> _BRIEF_
Print the whole listing again exactly as it stands, leaving out any images.

**********

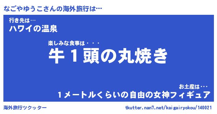 | 男性向けラノベタイトル風あだ名 | 『ナゴヤユウコアートオンライン』 |
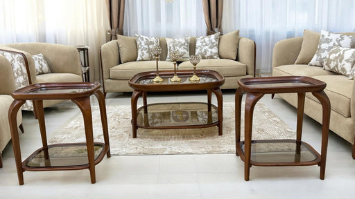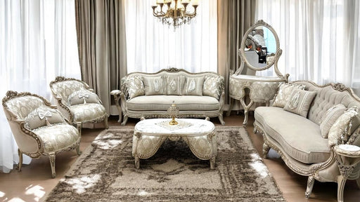 View full detailsTAKSIM Living Room Set New ARRIVALS – FREE Delivery 🚚 Handcrafted from solid wood in Egypt 🇪🇬 Set includes: 2 Sofas • 2 arm Chairs, Center Table w...
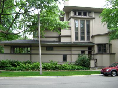 La maison s'écarte de l'accent horizontal typique de Wright avec sa tour centrale de trois étages et sa projection angulaire près de l'entrée.
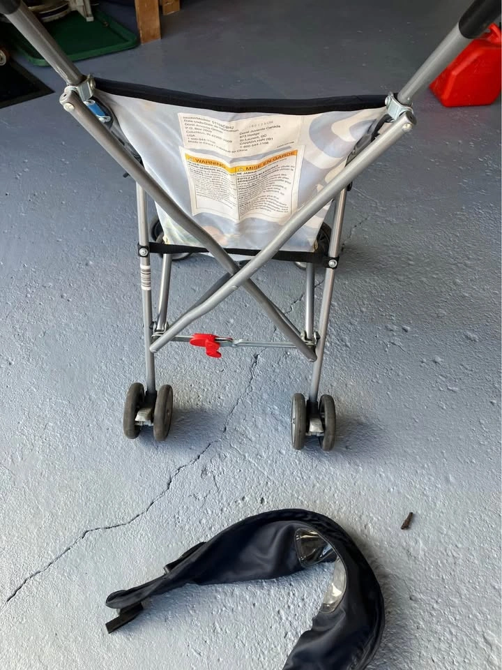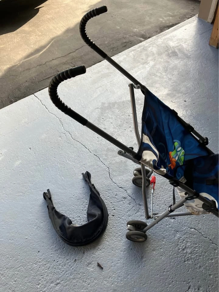 Folding umbrella stroller. Brakes work well. Easy to fold and has a clip to hold it closed. Foldable & Removable sun hood has plastic see-through flap. Located in Waterdown near Dairy Queen
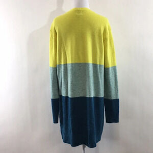 A New Day Blue Yellow Stripe Knit Tunic Cardigan Sweater Womens Small Open Front
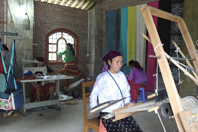 Tự hào giới thiệu về Hợp tác xã (HTX) dịch vụ tổng hợp nông lâm nghiệp thôn Sà Phì A, chị Vàng Thị Cầu, Phó Chủ tịch Hội Liên hiệp Phụ nữ huyện Đồng Văn; người sáng lập, đồng thời là Tổ trưởng Tổ sản xuất của HTX cho biết, thành lập từ tháng 3-2018 chỉ với 10 thành viên, được sự quan tâm của chính quyền huyện Đồng Văn, sau hơn 1 năm, đến nay HTX đã có 20 thành viên với thu nhập ổn định mỗi tháng từ 5 – 6 triệu đồng, tạo công ăn việc làm cho 95 phụ nữ trên toàn huyện Đồng Văn. Sản phẩm chủ yếu được trưng bày tại điểm tham quan Dinh thự Họ Vương và bán cho khách du lịch. Không dừng lại ở đó, hiện nay HTX đã bắt đầu liên kết hợp tác sản xuất với các cơ sở du lịch, thời trang trong nước và xuất sang Canada, Úc, Italia, Nhật Bản... Không chỉ giải quyết việc làm, HTX cũng đã góp phần thay đổi đáng kể nhận thức của người phụ nữ Mông ở Đồng Văn.
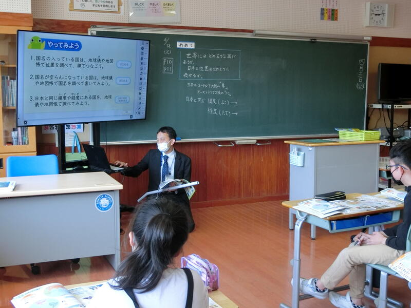 5年生は、社会の学習です。世界の国や、日本の位置について学んでいきます。
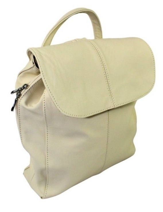 Kremowy plecak skórzany damski firmy MAGRE. Uszyty ze skóry naturalnej licowej, odznaczającej się miękkością i elastycznością oraz wytrzymałością w codziennym użytkowaniu. Model NATALIA spodoba się wielu paniom, a jego jasny subtelny kolor będzie się prezentował doskonale również z letnimi sukienkami. Szelki plecaka mają długość około 87 cm i można je połączyć wszytym suwakiem, tworząc jedną szeroką szelkę do zarzucenia na jedno ramię. Oprócz tego plecak można nosić również w ręku, dzięki wszyciu u góry plecaka mocnego ucha. Całość jest zapinana na klapkę i zamykana na bezpieczne dwa napy. Trzy komory plecaka pomieszczą różne przedmioty, a jedna z kieszeni zasuwana na zamek błyskawiczny ma wewnątrz dodatkową małą kieszonkę na telefon komórkowy oraz zapinany schowek na dokumenty lub klucze. Z tyłu, przy szelkach, znajduje się zamykany schowek o wymiarach 16 x 16 cm. Wymiary plecaka to: 32 x 33 x 10 cm.

**********

> _SOLVED PROBLEM_
 | 男性向けラノベタイトル風あだ名 | 『ナゴヤユウコアートオンライン』 |
 View full detailsTAKSIM Living Room Set New ARRIVALS – FREE Delivery 🚚 Handcrafted from solid wood in Egypt 🇪🇬 Set includes: 2 Sofas • 2 arm Chairs, Center Table w...
 La maison s'écarte de l'accent horizontal typique de Wright avec sa tour centrale de trois étages et sa projection angulaire près de l'entrée.
 Folding umbrella stroller. Brakes work well. Easy to fold and has a clip to hold it closed. Foldable & Removable sun hood has plastic see-through flap. Located in Waterdown near Dairy Queen
 A New Day Blue Yellow Stripe Knit Tunic Cardigan Sweater Womens Small Open Front
 Tự hào giới thiệu về Hợp tác xã (HTX) dịch vụ tổng hợp nông lâm nghiệp thôn Sà Phì A, chị Vàng Thị Cầu, Phó Chủ tịch Hội Liên hiệp Phụ nữ huyện Đồng Văn; người sáng lập, đồng thời là Tổ trưởng Tổ sản xuất của HTX cho biết, thành lập từ tháng 3-2018 chỉ với 10 thành viên, được sự quan tâm của chính quyền huyện Đồng Văn, sau hơn 1 năm, đến nay HTX đã có 20 thành viên với thu nhập ổn định mỗi tháng từ 5 – 6 triệu đồng, tạo công ăn việc làm cho 95 phụ nữ trên toàn huyện Đồng Văn. Sản phẩm chủ yếu được trưng bày tại điểm tham quan Dinh thự Họ Vương và bán cho khách du lịch. Không dừng lại ở đó, hiện nay HTX đã bắt đầu liên kết hợp tác sản xuất với các cơ sở du lịch, thời trang trong nước và xuất sang Canada, Úc, Italia, Nhật Bản... Không chỉ giải quyết việc làm, HTX cũng đã góp phần thay đổi đáng kể nhận thức của người phụ nữ Mông ở Đồng Văn.
 5年生は、社会の学習です。世界の国や、日本の位置について学んでいきます。
 Kremowy plecak skórzany damski firmy MAGRE. Uszyty ze skóry naturalnej licowej, odznaczającej się miękkością i elastycznością oraz wytrzymałością w codziennym użytkowaniu. Model NATALIA spodoba się wielu paniom, a jego jasny subtelny kolor będzie się prezentował doskonale również z letnimi sukienkami. Szelki plecaka mają długość około 87 cm i można je połączyć wszytym suwakiem, tworząc jedną szeroką szelkę do zarzucenia na jedno ramię. Oprócz tego plecak można nosić również w ręku, dzięki wszyciu u góry plecaka mocnego ucha. Całość jest zapinana na klapkę i zamykana na bezpieczne dwa napy. Trzy komory plecaka pomieszczą różne przedmioty, a jedna z kieszeni zasuwana na zamek błyskawiczny ma wewnątrz dodatkową małą kieszonkę na telefon komórkowy oraz zapinany schowek na dokumenty lub klucze. Z tyłu, przy szelkach, znajduje się zamykany schowek o wymiarach 16 x 16 cm. Wymiary plecaka to: 32 x 33 x 10 cm.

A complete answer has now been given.